Stem Cell Transplantation for Multiple Myeloma
One of the first decisions a doctor makes after giving a multiple myeloma diagnosis is deciding whether the patient is a candidate for a stem cell transplant.
For some patients, such as those who have other serious medical conditions, the risk of a stem cell transplant may outweigh the benefits.
But for people who are healthy enough for a stem cell transplant, this may be the treatment of choice, with the best prognosis.
Stem cells are cells found in the blood and bone marrow that develop into red blood cells, white blood cells, and platelets. A stem cell transplant aims to replace cancerous stem cells with healthy ones.
There are two types of transplant:
Autologous Transplant Doctors collect stem cells from the patient’s blood, treat the patient with high-dose chemotherapy and (sometimes) radiation, and return the stem cells to the patient intravenously. The stem cells make their way back to the bone marrow, where they begin to grow and multiply. Sometimes doctors recommend patients have a tandem transplant — two autologous transplants 6 to 12 months apart.

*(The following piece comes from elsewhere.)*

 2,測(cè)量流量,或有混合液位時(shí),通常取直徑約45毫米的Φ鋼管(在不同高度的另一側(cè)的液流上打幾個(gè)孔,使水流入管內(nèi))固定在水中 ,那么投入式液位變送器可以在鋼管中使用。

Allogeneic Transplant Doctors use stem cells from a donor whose genetics closely match the patient’s, such as a sibling. This is a riskier approach than an autologous transplant but can have better results because donor stem cells can destroy myeloma cells.
Radiation Therapy for Multiple Myeloma
Doctors may use radiation therapy to treat areas of bone that have been damaged by multiple myeloma, aren’t responding to chemotherapy, and are causing pain or are in danger of breaking.

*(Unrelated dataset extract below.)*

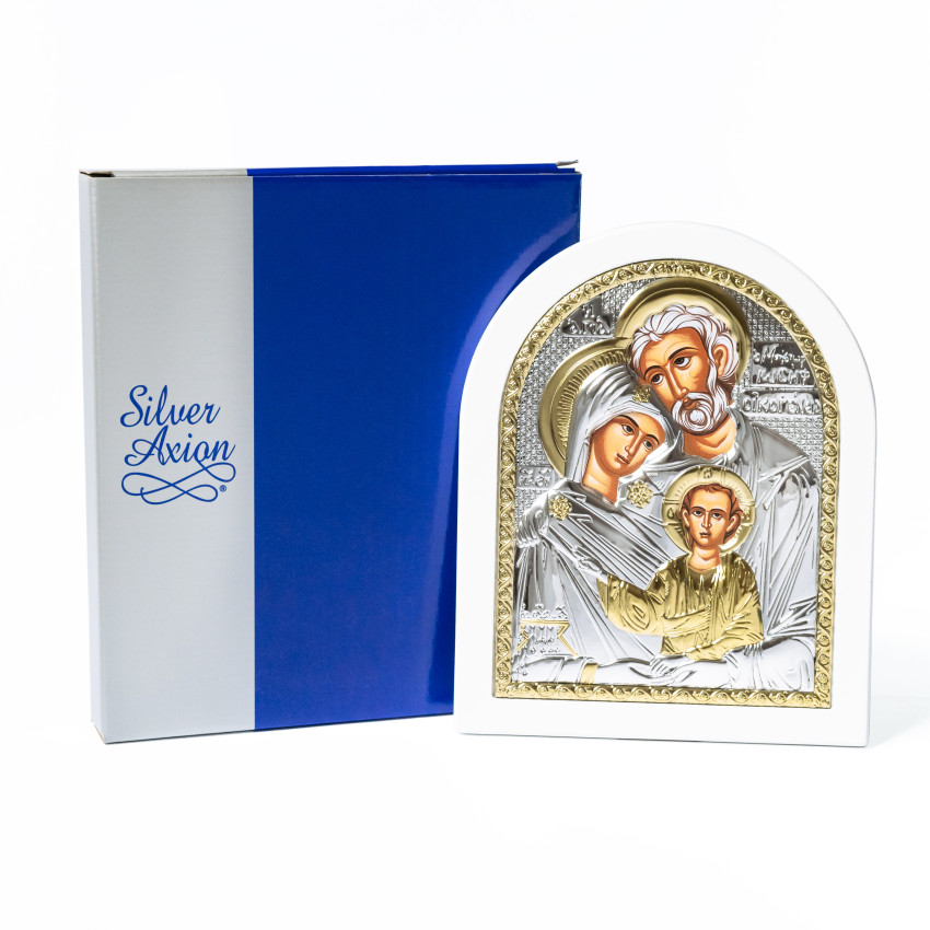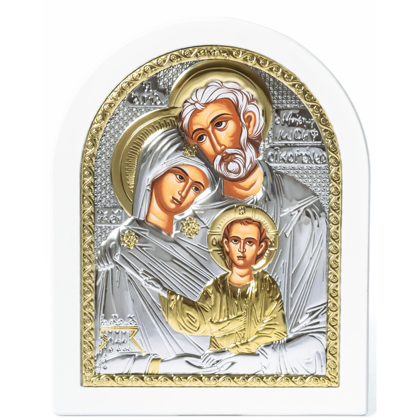Ікона Святе Сімейство 14,7х18см аркової форми на білому дереві EP4-015XAG-WH/P

Radiation is also the most common treatment for solitary tumors in bone or soft tissue.
Clinical Trials and Experimental Therapies
Researchers are striving to develop new treatment approaches for multiple myeloma, such as new drugs, new drug combinations, and new approaches for stem cell transplantations.
Scientists are also probing the genetics of myeloma cells in order to identify standard and high-risk disease.
Immunotherapy may have the potential to change the game in multiple myeloma treatment. A new drug of this type focuses on an immune-system cell called a T cell, a type of white blood cell.
Chimeric antigen receptor T-cell therapy (CAR T-cell therapy) empowers T cells to fight multiple myeloma by changing them in the lab so they can identify and kill cancer cells.
Recent studies have shown CAR T-cell therapy with the BCMA protein to be very promising, even in myeloma patients who have had treatment with many other drugs.